Saturday, 20 July
Josie wakes early. It’s her last morning waking up in Alix’s house. Her last morning opening up the curtains and seeing the view of Queen’s Park from the small window, instead of the grey staring faces of people on the bus from her old bedroom. It’s the last morning of wearing Alix’s pyjamas and showering in Alix’s designer bathroom and drinking coffee from Alix’s shiny coffee machine. There had been a takeaway curry the night before. Josie had attempted to contribute some money towards it, but Alix had refused to accept it. ‘It’s your last night,’ she said, her hand gently touching the top of Josie’s hand. ‘It’s our treat.’ There’d been wine from a huge glass and a TV show with surround-sound audio booming through the house and Leon curled so that his toes were gently buried under Josie’s leg. Then the creak and bang and babble of a family putting itself to bed: hushed whispers, the click of light switches, the cloud-cat meowing gently from the darkened hallway as if to ask where everyone had gone.
It was, in some ways, the most perfect night of Josie’s life.
Josie sighs heavily. The air is limpid and sticky. Her phone tells her that it is already twenty-one degrees, and it is only seven thirty. The one time, Josie thinks, that she could really do with a disappointing English summer, and the weather gods deliver an almighty heatwave.

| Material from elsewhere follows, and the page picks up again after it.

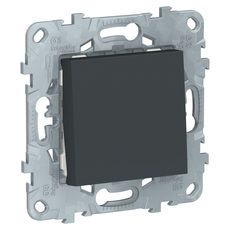 Переключатель одноклавишный Schneider Electric UNICA NEW (антрацит) без подсветки предназначен для сетей до 250 В на ток до 10 А. - 1 переключающий контакт. - Специальные направляющие для облегчения ввода кабеля. - Переключатель позволяет управлять одним источником света из двух точек.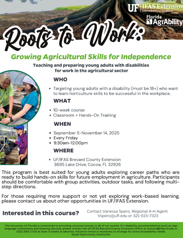 This program combines hands-on skill training, classroom instruction, and work-based learning experiences to engage participants in the agricultural sector. The team of UF/IFAS faculty, certified Master Gardeners, and dedicated volunteers work with the participants in the greenhouse, garden, classroom, and on field-trips, to foster critical skills necessary to be successful in the workplace.

She glances at the dress and cardigan that she was wearing when she arrived here a week ago. She pulls the dress to her nose and sniffs it. It smells of Alix’s detergent. It smells of Alix’s house. She showers, using Alix’s spicy-smelling shower gel, and washes her hair using Alix’s herby-smelling shampoo, and she wraps herself in Alix’s thick, thick towels and sits on the side of Alix’s squashy bed and for a moment she feels a wash of sadness pass through her. But then she thinks of what she has planned next, and the sadness quickly fades.
‘Oh!’ says Alix when Josie walks into the kitchen a few minutes later. ‘You’re back in your own clothes!’
‘Yes. Well, of course.’ She holds the worn clothes and the pyjamas in one hand, the dog in the other. ‘Where shall I put these?’ she asks about the clothes.
‘Oh, just give them to me. Here.’
She hands them to Alix, who takes them through to the laundry room.
‘Thank you!’ Josie calls after her. ‘Thank you so much.’ Then she asks, ‘What time are your sisters arriving?’
‘Oh, five-ish, I think. So you don’t need to rush. Just take your time.’ She throws Josie one of her golden smiles and then tears open a packet of croissants. ‘Want one?’ she asks and Josie nods.
Nathan comes downstairs an hour later, Leon trailing behind him in his pyjamas. Nathan eyes Josie up and down and says, ‘Pretty dress, Josie.’
‘Thank you,’ she says, feeling simultaneously flattered and repulsed.
Eliza comes in a few minutes later and starts to cry about something mean someone had said to her on Snapchat and that is when Josie knows that it is time for her to go. She puts Fred into his carrier and slings her handbag over her shoulder.
She sees Alix eyeing her worriedly. ‘I can drive you?’ she says. ‘It’s quite a long walk, especially in this heat?’
Josie shakes her head. ‘It’s fine,’ she says. ‘I’ll walk in the shade. I’m not in any rush.’
‘And your mum knows you’re coming?’
‘Yes. She knows.’
Alix brings Josie into her arms then, and for once Josie lets herself be held.
When they come apart, Alix is looking directly into Josie’s eyes. ‘Please stay in touch, Josie. Won’t you? Get the help you need and stay in touch.’
And then the milky-blue door is between them, Alix and her world on one side, Josie on the other.
Around the corner, Josie opens her handbag to check that it is there, the money she has been collecting all week from the various cashpoint machines between Alix’s house and her job, the thick reassuring weight and shape of it, held together with one of Eliza’s pink glitter hairbands she’d found on the staircase earlier. Then she takes out the sunglasses she found under a chair in the garden this morning – a large pair with forest-green frames – places them on her face and starts walking.
The sun beats down from a heartless sky as she heads towards the next place.
Part Three
Saturday, 20 July
The house feels different immediately. It feels lighter and softer, and it feels, at long last, normal again. Alix stands for a moment in the hallway and absorbs the change in the energy. The cat sashays down the hall towards her and throws itself around Alix’s legs celebratorily, as if she too knows that her territory is returned to her. Alix gathers her into her arms, carries her into the kitchen and puts her up on the work surface near her food bowl.
‘Gone?’ says Nathan, peering up at her over his reading glasses.